目の前で次々に繰り広げられる「AIの爆速進化」ぶり

 マーケティングアジェンダには、大きく分けて2種類の参加者がいます。一方は「ブランド」と呼ばれる事業会社側の方々であり、もう一方は「パートナー」と呼ばれるサービスベンダー側の方々です。

 例えば、花王やファミリーマートは「ブランド」の方々であり、電通やノバセルは「パートナー」の方々となります(筆者自身はまた別の枠組みである「スピーカー」枠でした)。


ブランドとパートナーが一つのテーブルについて、議論・交流する。

 AIがメインテーマとなった今回の登壇者は、様々な形でAI活用をサービスとして提供しているパートナーが勢揃いし、またブランド側でもAI活用に取り組んでいる会社さんが多数壇上に登りました。

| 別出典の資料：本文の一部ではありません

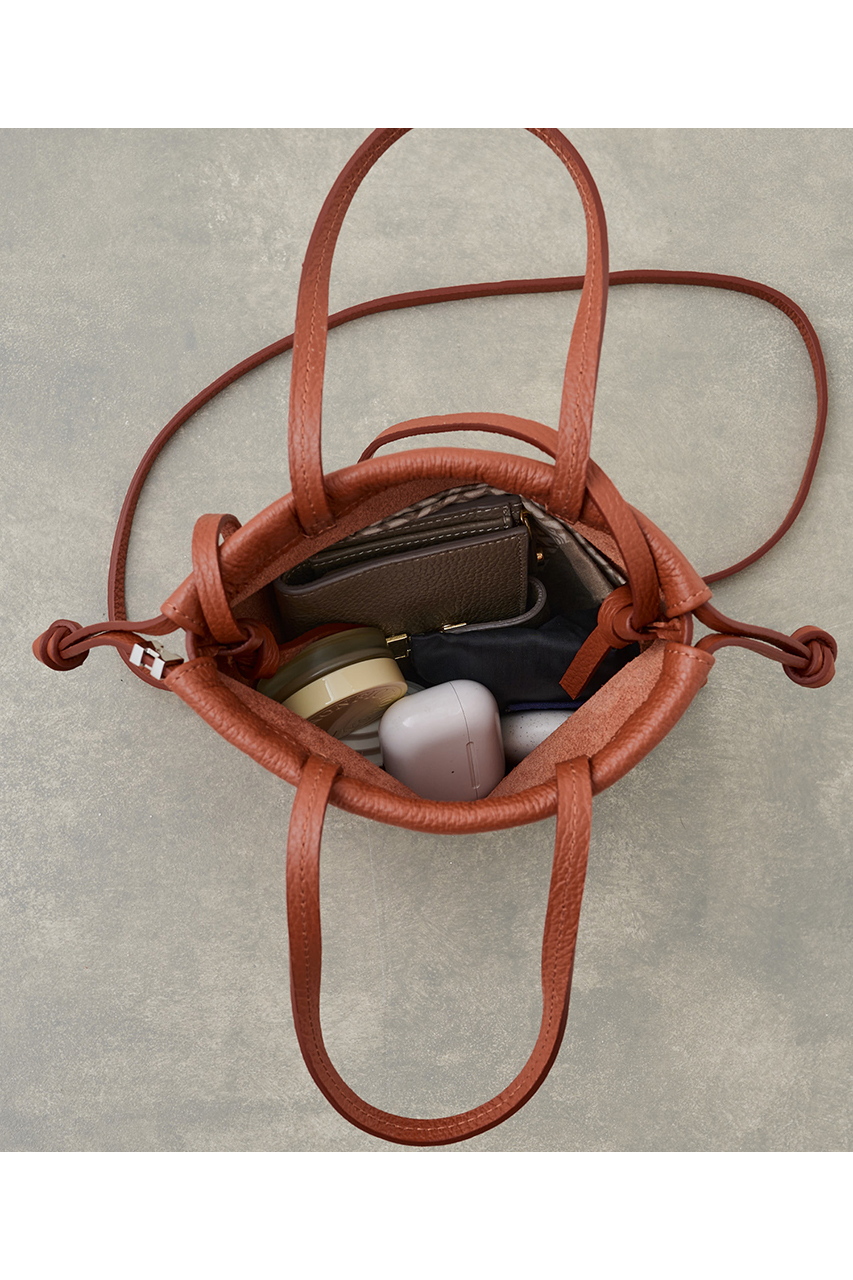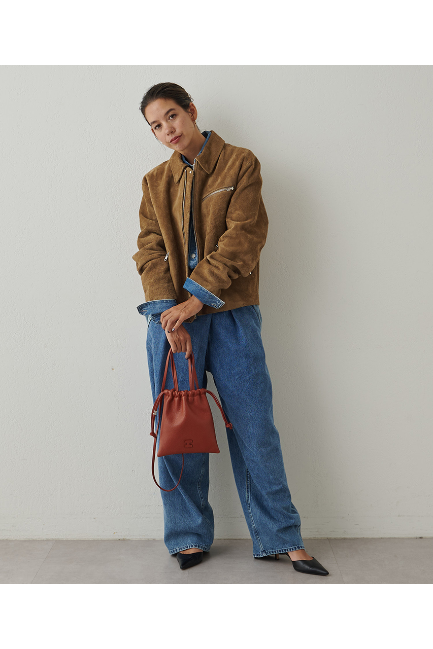 巾着型かつ柔らかなレザーを使用しているので、荷物も楽に取り出していただけます。

 例えば、「接客AIエージェントが再定義する顧客体験とマーケティングの未来」「AI時代の要となるデータ活用」「AIに向き合う前にマーケターが知っておくべきデータの話」などのセッションタイトルが並びました。


1日目のキーノートのテーマは「AIは市場を創造するのか」。AI時代におけるマーケティングの役割を再考した。

 AIに関して筆者は、時々使ってみたりはするものの、たいして詳しくはありません。そんな筆者からして、次々に繰り広げられるAI活用の様々な実態と、その爆速での進化の様子は、「素晴らしいぞ!」と思う反面、あまりにスピードがつき過ぎていて、少しクラクラしてしまいそうなほどでした。

 様々に紹介される「AI活用の爆速進化」の様子に加えて、たびたび話題にのぼったのは、「AIに何をやらせて、人は何をやるべきか?」というものだったように思います。そこで主に語られた、人がやるべきことは、「問いを立てる」「判断をする」「実行する」といったものだったように記憶しています。